DSAP is characterized by numerous 2- to 7-mm, annular, keratotic papules on sun-exposed skin. On close examination, the thin, threadlike border can usually be visualized.1,2 The lesions occur most commonly on the extremities in a symmetric fashion and spare the palms and soles. The usually asymptomatic lesions4 typically appear in the third to fourth decades of life and are more prominent in the summer months.1

The differential diagnosis of DSAP includes such small hyperkeratotic lesions as actinic keratoses (AKs), seborrheic or stucco keratoses, flat warts, pityriasis lichenoides chronica, excoriated insect bites, and guttate psoriasis as well as more annular lesions such as tinea corporis. DSAP is most frequently confused with AK, and the two entities may coexist. One distinguishing feature is that DSAP frequently involves the legs but rarely the face, whereas AKs are very common on the face.1 If the diagnosis is not clear clinically, it can be confirmed easily with skin biopsy.

All types of porokeratosis have a very distinctive histopathologic picture. The threadlike border is the cornoid lamella, and it has a very specific microscopic appearance; there is a distinct parakeratotic column overlying an area of epidermis with an absent granular layer and occasional dyskeratotic cells.3 It is very important for a biopsy to be taken across the edge of the peripheral raised rim in order to see this characteristic pathology.

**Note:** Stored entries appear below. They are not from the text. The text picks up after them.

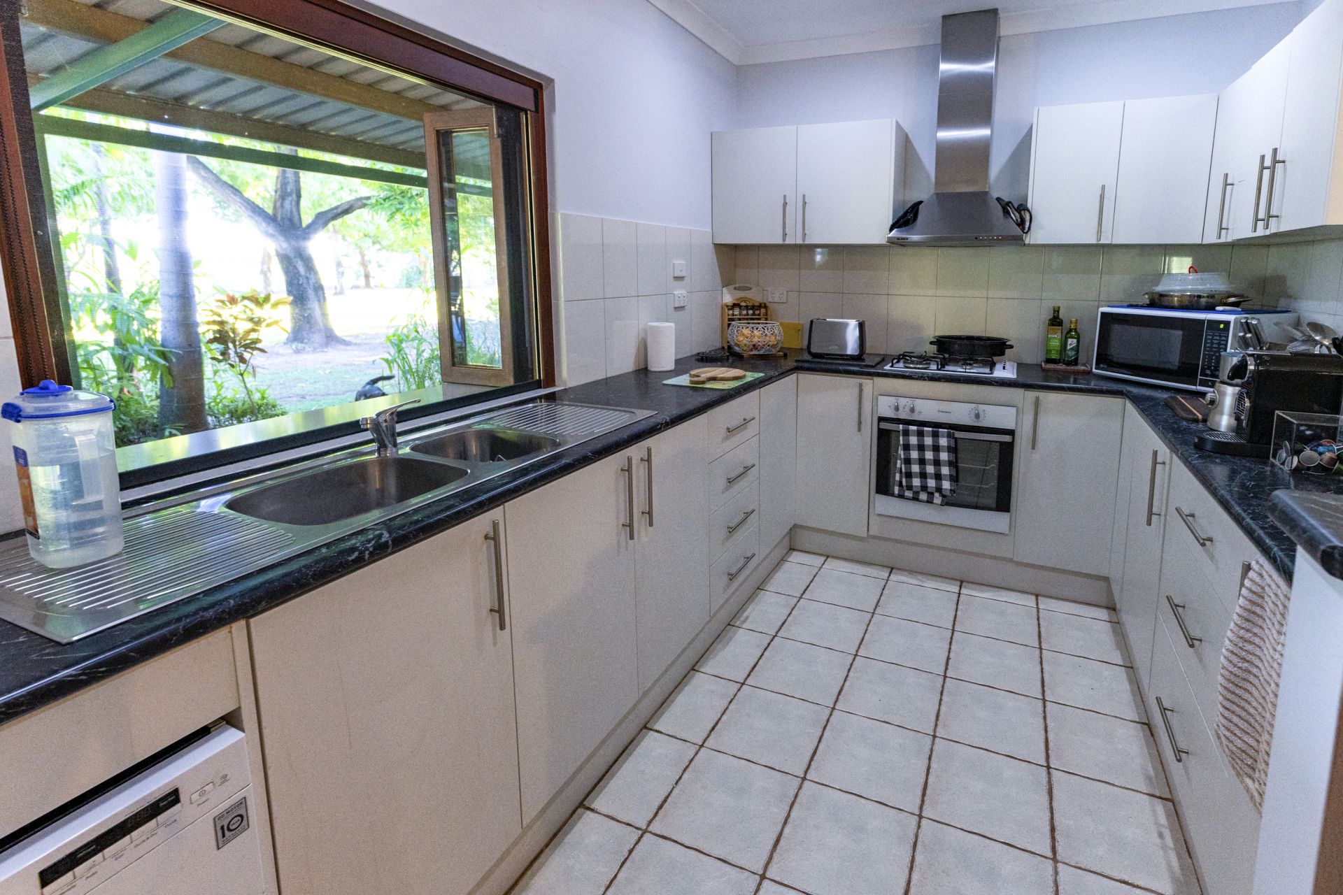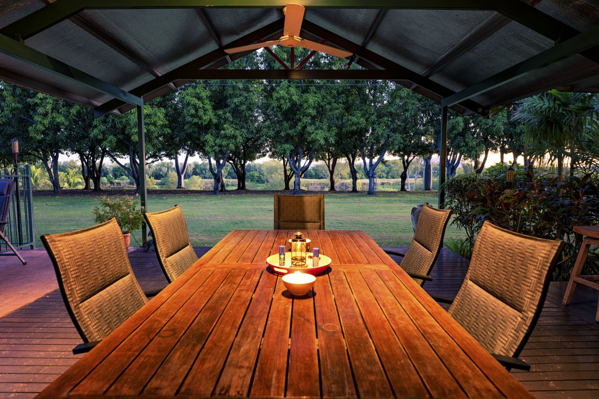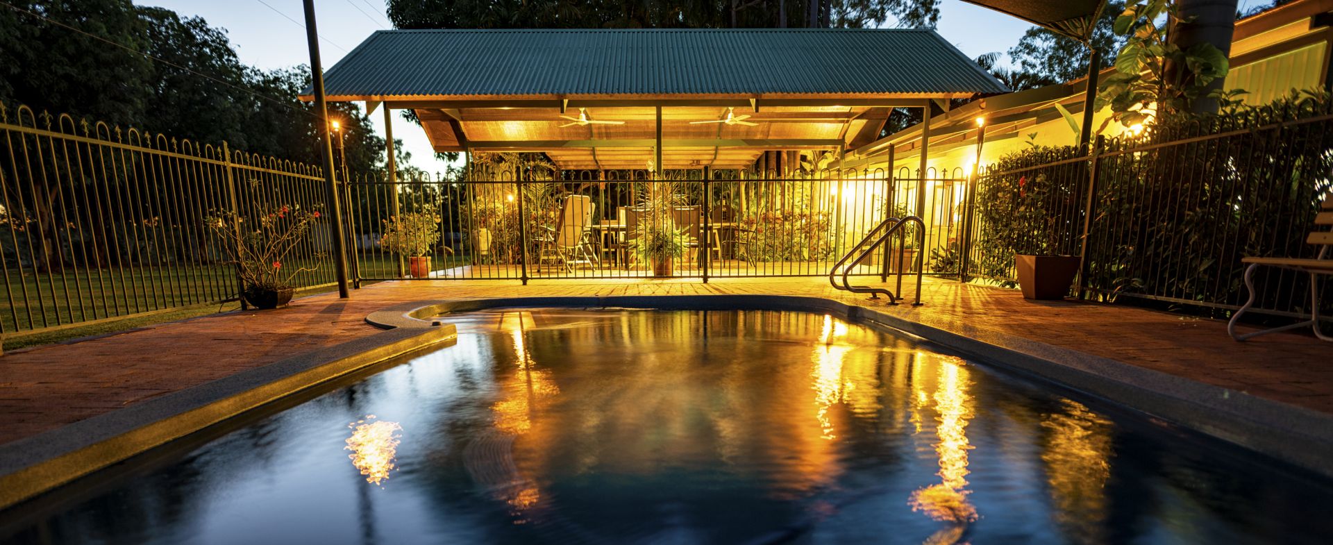 - Entertaining deck with BBQ kitchen adjacent to b/g saltwater swimming pool with shade sails set in tropical gardens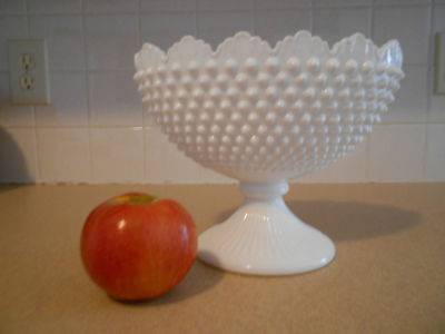 Milkglass Hobnail Large Oval Shaped Compote Bowl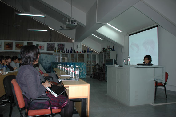 10月19日上午9點,現代手工藝術學院在我校綜合樓B444多媒體教室舉辦了“世界設計大會”首飾工作坊第一次合作交流講座。印尼專家Riama Maslan Sihombing女士受邀介紹印尼首飾文化,我院院長段建華,副院長張紅梅,首飾工作坊執行人宋處嶺,教師劉菲、田偉玲到場,我院06、07級首飾專業的學生參加了此次講座。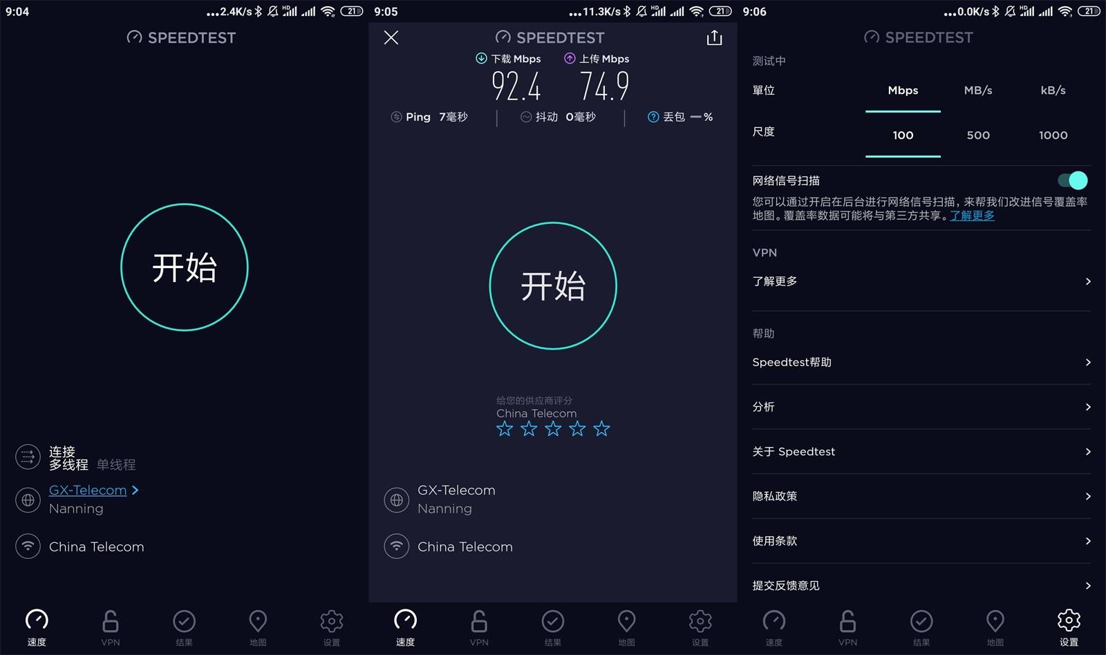 Speedtest v6.4.5 安卓高级版满足需求!全球排名第一的网速测试工具,支持 5G/4G 网络测试,实时显示 Ping 值、下载 / 上传速度,新增视频质量测试功能,可检测网速支持的最高视频比特率。

A biopsy that only contains the central portion of a larger lesion may only show nonspecific findings.

The lesions of porokeratosis generally increase in size and number with time.4 Malignant degeneration, especially the appearance of squamous cell carcinoma (SCC), has been reported in all types of porokeratosis except for punctate keratosis. SCC is more common in the larger longstanding lesions of porokeratosis of Mibelli and linear porokeratosis than in DSAP.4

Many treatments have been reported for porokeratosis because no option is uniformly effective. If the abnormal clone of keratinocytes is not completely destroyed, lesions will recur. Reported treatment options include cryotherapy, topical 5-fluorouracil, topical retinoids, topical imiquimod, ablative lasers, curettage, excision, and dermabrasion. Widespread lesions have been treated with oral acitretin (Soriatane), but the condition recurs after discontnuation.1 Porokeratosis can be extremely difficult to treat and very frustrating for both the practitioner and the patient.

A biopsy was performed in this patient to confirm the diagnosis. The patient returned for his results, and after a thorough discussion of the condition and treatment options, he chose to observe the condition in lieu of treatment.